Voyant qu'elle allait bien, Yan Qingli alla se changer. À son retour, elle était toujours assise sur le tabouret, les yeux rivés sur ses pieds, sans oser les poser, visiblement craignant d'être encore plus mal.

Elle a interrogé le médecin, qui lui a expliqué que les effets du médicament se prolongeraient pendant les sept jours suivants, mais seraient moins marqués. Une fois ces effets dissipés, il serait temps de commencer le second traitement, qui durerait trois mois.

Yan Qingli décida qu'il valait mieux ne pas lui annoncer cette nouvelle choquante pour le moment.

Elle s'approcha et porta la personne jusqu'au lit, puis lui appliqua un médicament sur ses pieds légèrement enflés. Après l'application du médicament, une légère odeur d'herbes embauma la pièce, ce qui n'était pas désagréable.

Qiu Lanxi la regarda et, ne voyant aucun dégoût dans ses yeux, elle se blottit contre elle : « Votre Altesse, allons-nous recommencer demain ? »

« Inutile », dit Yan Qingli en lui tapotant le dos. Elle sentit son corps se détendre aussitôt et un sourire illumina son visage. « Dors. »
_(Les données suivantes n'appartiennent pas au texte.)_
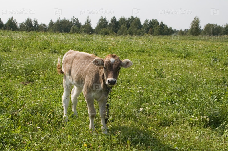 Теленок пасется на лугу
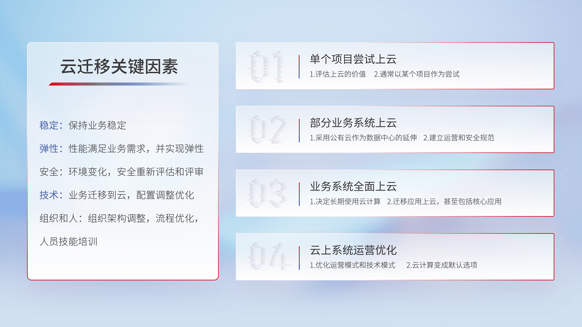 结合实际业务,,,从规划设计、、云平台选型、、、云原生改造、、数据迁移、、、、集成交付,,迁移全过程为客户识别最佳上云路径,,,,做好风险识别管理,,,,设计网络架构、、、、身份权限、、安全审计合规、、、、操作审计、、日志审计、、、监控告警策略、、、、多站点容灾设计等,,,,对云上基础设施进行整体规划,,提升IT治理水平,,,以满足弹性、、高可用、、高性能的需求。。。。

Qiu Lanxi approuva d'un hochement de tête. Cette nuit l'avait vraiment épuisée, et la mélancolie qu'elle avait ressentie le soir était depuis longtemps oubliée. Elle s'endormit libérée de tout souci.

L'affirmation de Yan Qingli selon laquelle elle était sans cœur n'était pas sans fondement. Sachant qu'elle n'était pas en colère, elle ne prit même pas la peine de feindre. En temps normal, elle aurait complimenté Yan Qingli pour son humilité, ce qui l'aurait motivée et, inconsciemment, encouragée à évoluer dans cette voie.

Il n'y eut pas de paroles douces par la suite, et Yan Qingli pensa qu'elle était probablement encore en colère.

Après avoir fait sa connaissance, Yan Qingli s'aperçut aisément que Qiu Lanxi n'avait aucune intention de se venger le lendemain. Sans doute parce qu'elle avait cerné la personnalité de Qiu Lanxi et savait que cette dernière ne s'en offusquerait pas

; elle se sentit donc plus détendue.

Elle pensa, impuissante : « Ils agissaient clairement pour son bien, alors pourquoi lui en veulent-ils ? »

Même si Yan Qingli ne comprenait pas ses pensées, elle savait que dire cela reviendrait à jeter de l'huile sur le feu, alors elle garda sagement le silence.

C'est un peu dommage.

Yan Qingli pensait que Qiu Lanxi serait touchée par cela. Bien que son intention première ne fût pas d'obtenir des éloges, elle se disait que Qiu Lanxi serait émue par ses actions une fois rétablie, car c'était bien là quelque chose qui lui importait, n'est-ce pas ?

En y réfléchissant, Yan Qingli ressentit une étrange sensation. Soudain, elle réalisa que Qiu Lanxi ne semblait pas l'aimer aussi profondément qu'elle le paraissait.

Dans l'obscurité, Yan Qingli secoua la tête, impuissante, se disant qu'elle ne parviendrait jamais à se débarrasser de sa méfiance naturelle. Elle était épuisée ce soir-là et il était normal qu'elle ne puisse penser à rien d'autre. Pourquoi aurait-elle imaginé le pire chez les autres

?

...

…………

Le lendemain, Yan Qingli se leva pour aller au tribunal. Elle jeta un coup d'œil aux pieds de Qiu Lanxi, qui avaient retrouvé leur couleur d'origine pendant la nuit, paraissant beaux et lisses, et dont le gonflement avait quelque peu diminué.